*** Opening of Data extract ***

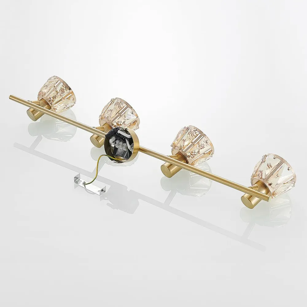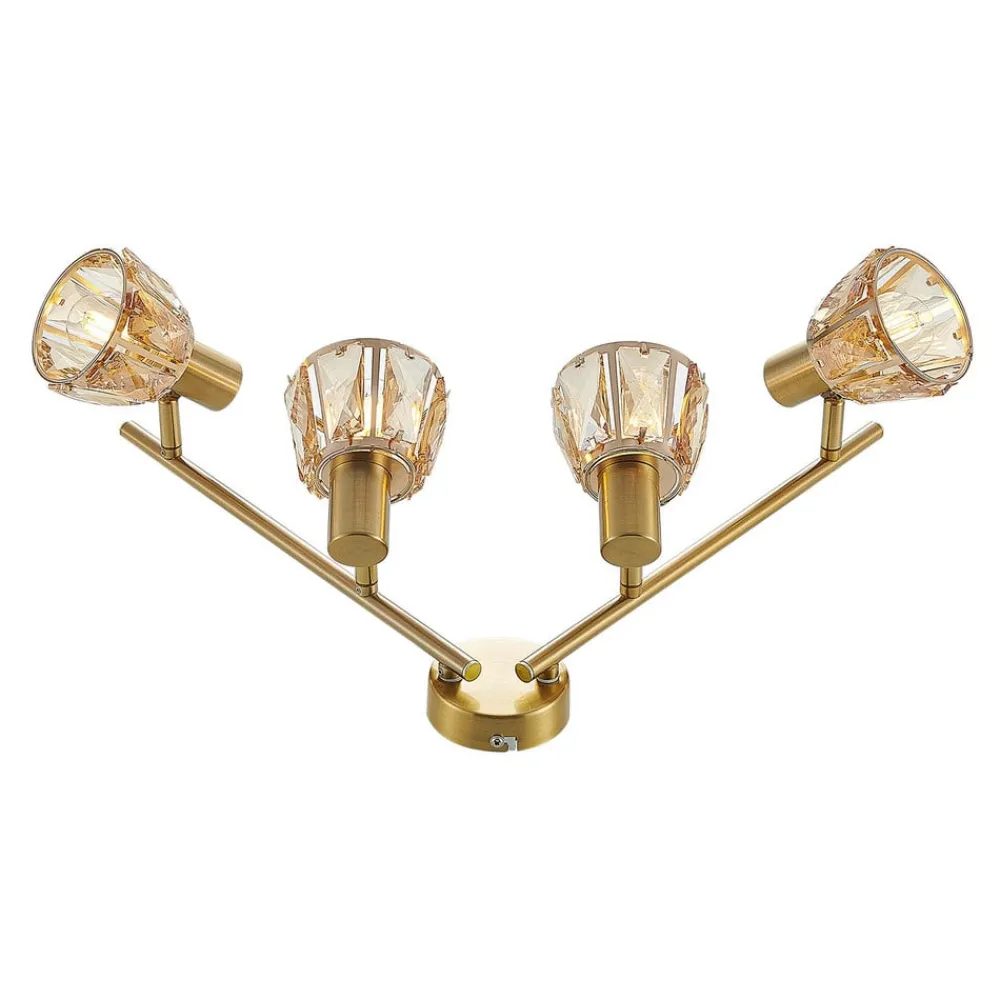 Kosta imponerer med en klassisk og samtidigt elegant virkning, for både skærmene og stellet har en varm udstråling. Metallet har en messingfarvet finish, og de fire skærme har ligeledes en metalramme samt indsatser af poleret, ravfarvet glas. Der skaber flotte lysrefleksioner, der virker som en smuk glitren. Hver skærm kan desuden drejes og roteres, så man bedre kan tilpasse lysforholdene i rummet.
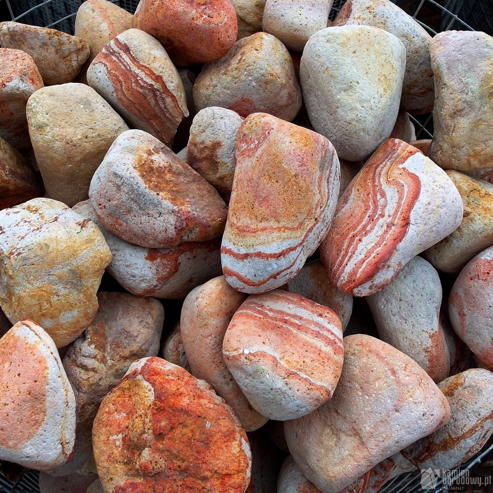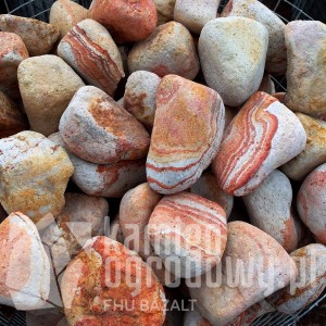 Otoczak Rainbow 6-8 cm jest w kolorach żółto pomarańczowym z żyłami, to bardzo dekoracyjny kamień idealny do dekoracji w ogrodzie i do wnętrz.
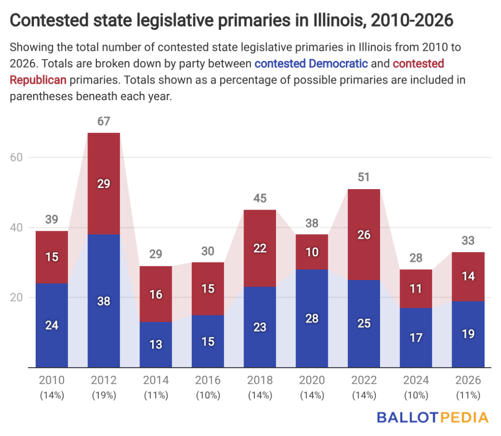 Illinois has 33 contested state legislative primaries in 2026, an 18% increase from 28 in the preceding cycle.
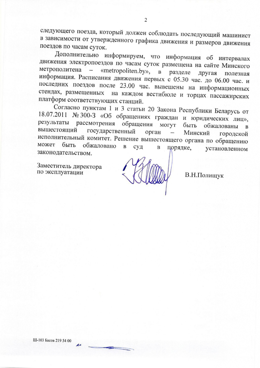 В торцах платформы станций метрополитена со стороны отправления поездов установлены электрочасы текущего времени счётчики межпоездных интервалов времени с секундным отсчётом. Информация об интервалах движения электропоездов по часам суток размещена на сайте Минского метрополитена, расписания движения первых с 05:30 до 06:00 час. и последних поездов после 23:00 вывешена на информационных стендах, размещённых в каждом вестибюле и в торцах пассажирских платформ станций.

*** Close of Data extract ***

■ What to work on
Aside from its pictures, the listing must be given again in full, exactly as it appears.

■ Result
 Kosta imponerer med en klassisk og samtidigt elegant virkning, for både skærmene og stellet har en varm udstråling. Metallet har en messingfarvet finish, og de fire skærme har ligeledes en metalramme samt indsatser af poleret, ravfarvet glas. Der skaber flotte lysrefleksioner, der virker som en smuk glitren. Hver skærm kan desuden drejes og roteres, så man bedre kan tilpasse lysforholdene i rummet.
 Otoczak Rainbow 6-8 cm jest w kolorach żółto pomarańczowym z żyłami, to bardzo dekoracyjny kamień idealny do dekoracji w ogrodzie i do wnętrz.
 Illinois has 33 contested state legislative primaries in 2026, an 18% increase from 28 in the preceding cycle.
 В торцах платформы станций метрополитена со стороны отправления поездов установлены электрочасы текущего времени счётчики межпоездных интервалов времени с секундным отсчётом. Информация об интервалах движения электропоездов по часам суток размещена на сайте Минского метрополитена, расписания движения первых с 05:30 до 06:00 час. и последних поездов после 23:00 вывешена на информационных стендах, размещённых в каждом вестибюле и в торцах пассажирских платформ станций.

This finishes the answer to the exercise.